Recently resolutions in computer graphics have grown enormously. The better resolutions are needed for providing better image quality for different application types, such as games, web applications and alike. Typically vector graphics are produced so that pixels in the screen are divided into sub-pixels having a set of samples for computing the coverage value of the pixel if an edge of a vector graphics polygon overlaps the pixel. Typically this requires more memory for each pixel than the frame buffer comprising the actual rendered image.
Recently mobile devices, such as PDA's and mobile phones have been enabled with multimedia features. This has created a need for enhanced graphics. For example, modern World Wide Web services include Macromedia Flash content that is an example of vector graphics content. A common user using a web service does not even know how the image is produced. However, an impressive graphics experience requires resource demanding functionality and it is obvious that service providers are producing more and more impressive services in the future. The problem of this is that the current mobile devices do have limited resources that cannot provide fluent operation of applications in all conditions. The problem could be solved by introducing more powerful processors and larger memories into mobile devices. However, this leads to an increased size and energy consumption. Thus, this is not desirable as the users want smaller devices having long standby and operating times. Furthermore, there is a plurality of possible features competing from the same resources.
In order to reduce memory requirements in graphics processing a method using tiles has been introduced. In tiling methods the at least portion of the screen or the frame to be displayed is divided into tiles and the tiles are then processed sequentially so that a buffer for storing sub-pixel information needs to be allocated only for the tile size. The tiles are fixed statically to certain locations so that there is no need for extra logic. Then, the graphics processor needs to resolve which polygons need to be processed that fall within the current tile. After resolving the polygons that fall within (or “hit”) the tile are computed and rendered. Once all the polygons have been processed the tile is ready and the processing may be continued in the next tile.

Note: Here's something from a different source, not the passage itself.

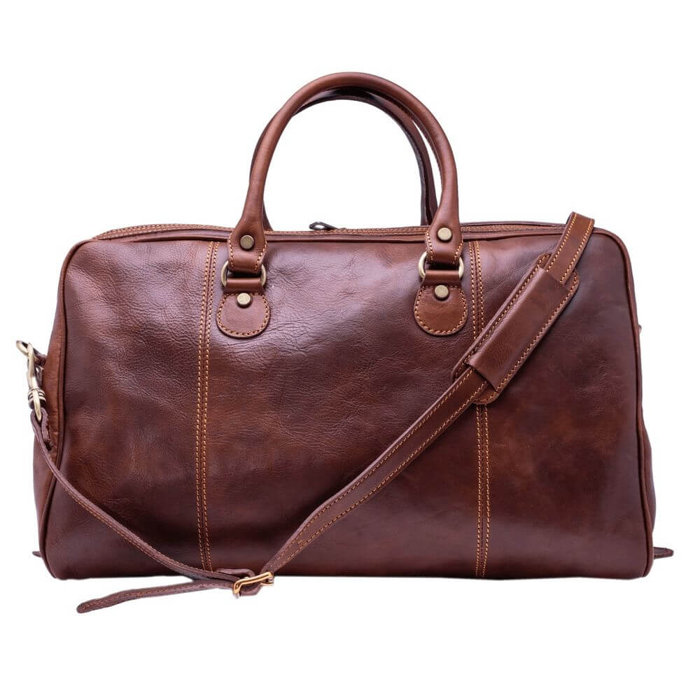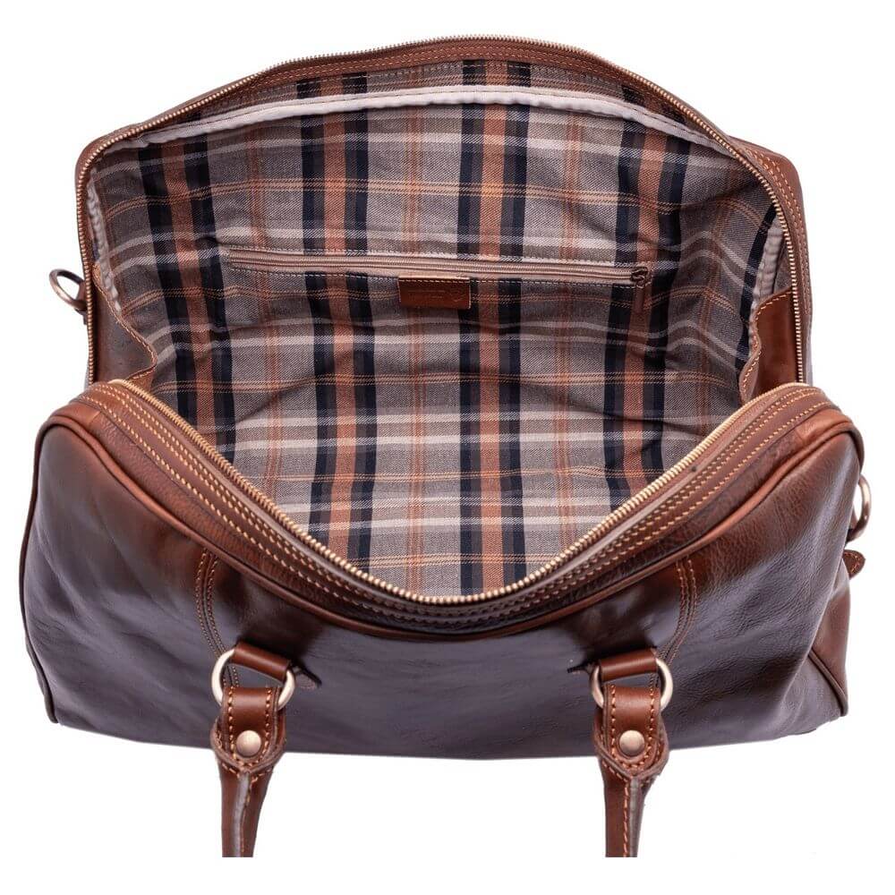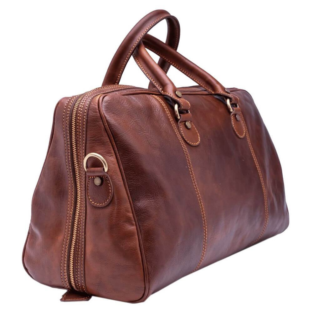 Geanta de voiaj din piele naturala vachetta, un compartiment inchis cu fermoar, buzunar interior, curea de umar din piele reglabila si detasabila, captuseala din bumbac, greutate 1,4 kg. Made in Italy.
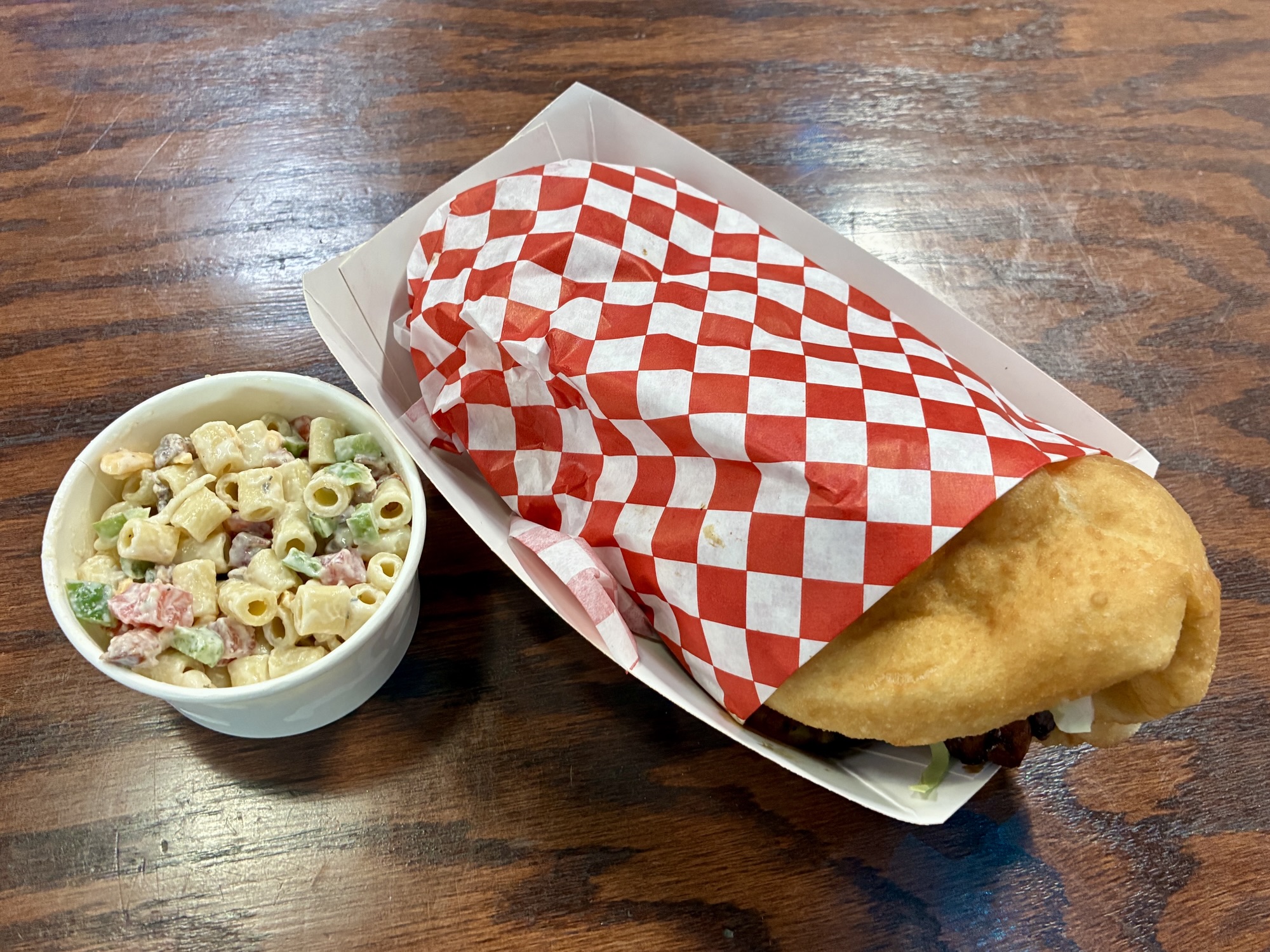 Other entrees are fashioned with fry bread folded around a filling. The Navajo burger is exactly what it sounds like: a choice of one or two beef patties encased in fry bread and accessorized with onions, tomatoes, lettuce, mayonnaise, and ketchup. The lamb sandwich is a nod to the role of mutton in the traditional Diné diet and is assertively flavored with green chili. The Asian Persuasion has thin, tender chicken breast in a sweet, slightly spicy teriyaki marinade with fresh cabbage and pineapple rings. All sandwiches come with a side of beans, chips, or pasta salad.

The problem of the tiling as described above is that the objects to be rendered typically hit on a plurality of tiles. Thus, the same polygon may have to be processed again for each tile it hits. For example, an object may hit up to four tiles (or more) as a result of the object crossing the boundaries between tiles and the processing of the polygon needs to be done multiple (e.g., four) times instead of in one single pass. Thus, there is a need for a method and device for providing efficient rendering while maintaining the low memory consumption.